Le scénario à tiroirs se développe sur des séquences plus intimes (Tanya tente de se reconstruire avec la relation tendue avec son film s et son mari) et des fulgurances visuelles (la séquence de l'absorption du corps de Colin par Tanya) perclus de scènes ultra gore à base d'énucléation ou de tête explosée sous l'effet d'une balle. Une violence cathartique qui vient défoncer ce monde du paraître et du cynisme symbolisé par le personnage de Sean Bean. A ce moment-là, les images elliptiques et le son concrétisent la folie meurtrière incontrôlable déchaînée sous le regard d'un spectateur complice de ces exactions sanglantes et sans retour.

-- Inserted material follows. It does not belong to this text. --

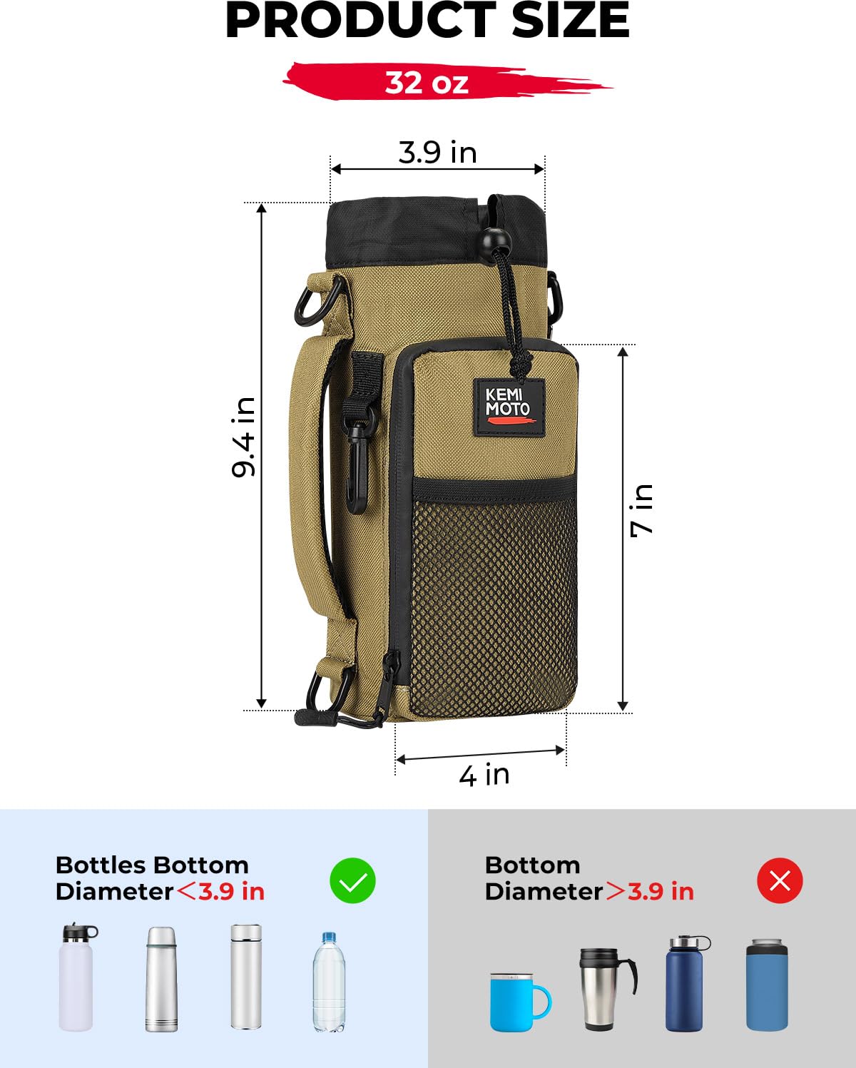 KEMIMOTO Water Bottle Holder Bag, Water Bottle Carrier with Adjustable Shoulder Strap, Water Bottle Pouch Holder for Hiking, Camping, Fishing, Compatible with YETI STANLEY SLM 32 oz, 40 oz, 64 oz

Présenté à Sundance en début d'année, Possessor joue la carte de l'outrance visuelle et gore jusqu'à l'excès, avec même la transgression de la mort frontale d'un enfant. A la vision du film, les pontes hollywoodiens auraient demandé à Cronenberg de revoir sa copie pour édulcorer les images et éventuellement sortir le film qui, en l'état devrait prendre les chemins de la vidéo ou d'une plateforme du fait de sa radicalité. Au final, Possessor s'avère une expérience trash et traumatique dont la filiation originelle et spirituelle ne fait aucun doute.